#### EXERCISE DATA
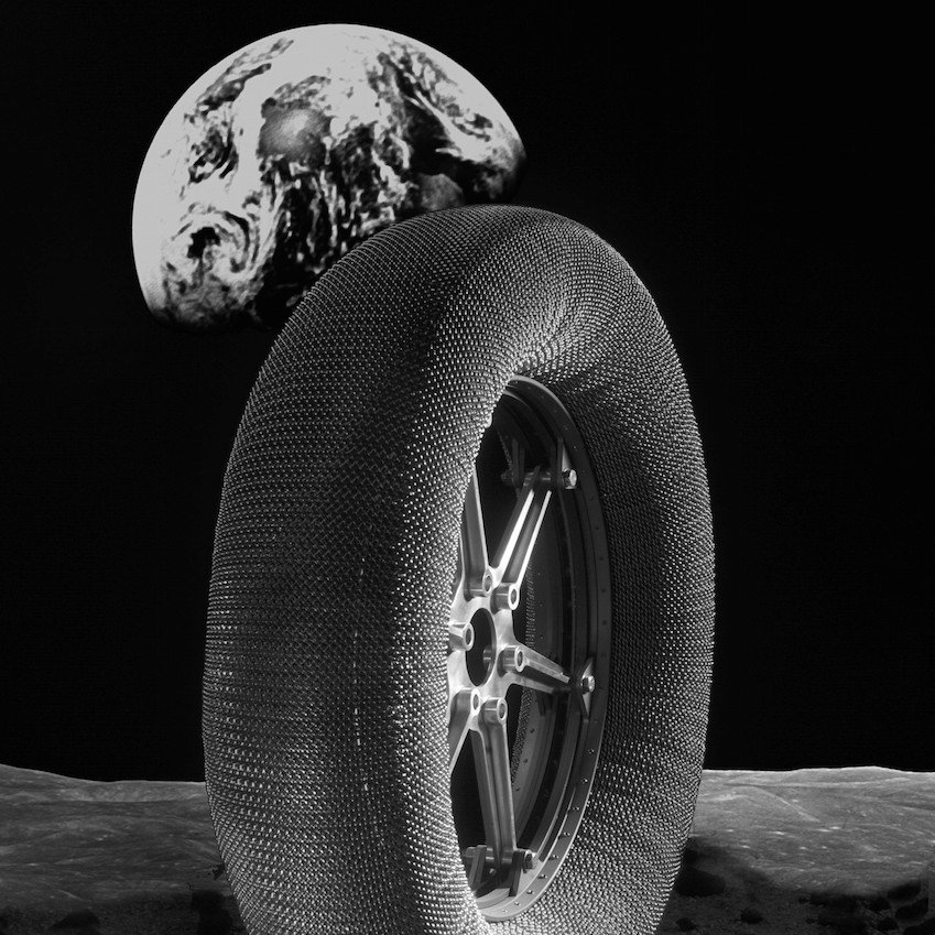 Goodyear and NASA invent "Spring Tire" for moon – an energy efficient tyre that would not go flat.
########
#### EXERCISE DATA
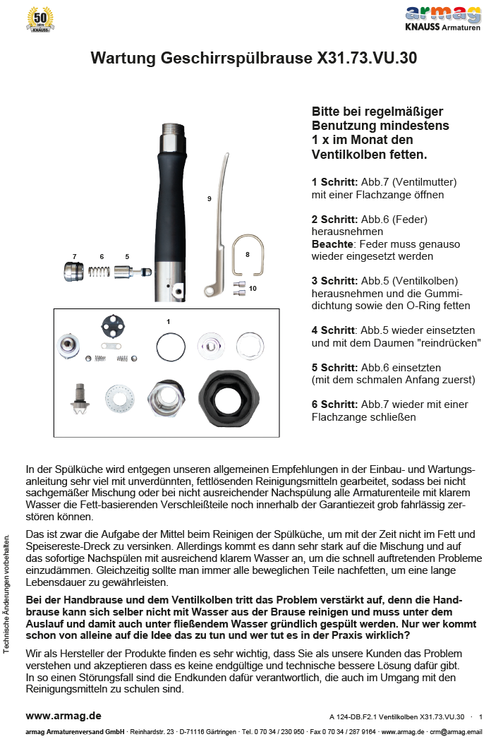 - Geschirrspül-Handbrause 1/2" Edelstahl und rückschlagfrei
########
#### EXERCISE DATA
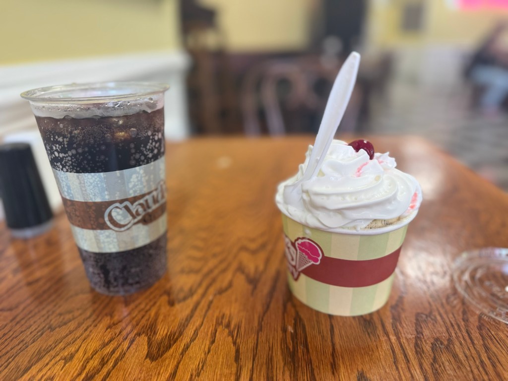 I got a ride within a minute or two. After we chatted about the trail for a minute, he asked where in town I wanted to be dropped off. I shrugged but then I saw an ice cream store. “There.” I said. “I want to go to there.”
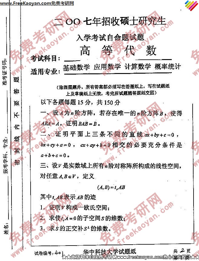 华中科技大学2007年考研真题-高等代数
########
PROMPT: The output is the stretch above from the line with "I got a ride" through the line with "华中科技大学2007年考研真题-高等代数", copied word for word with both ends kept and every picture dropped.

REPLY TO THE TASK:
 I got a ride within a minute or two. After we chatted about the trail for a minute, he asked where in town I wanted to be dropped off. I shrugged but then I saw an ice cream store. “There.” I said. “I want to go to there.”
 华中科技大学2007年考研真题-高等代数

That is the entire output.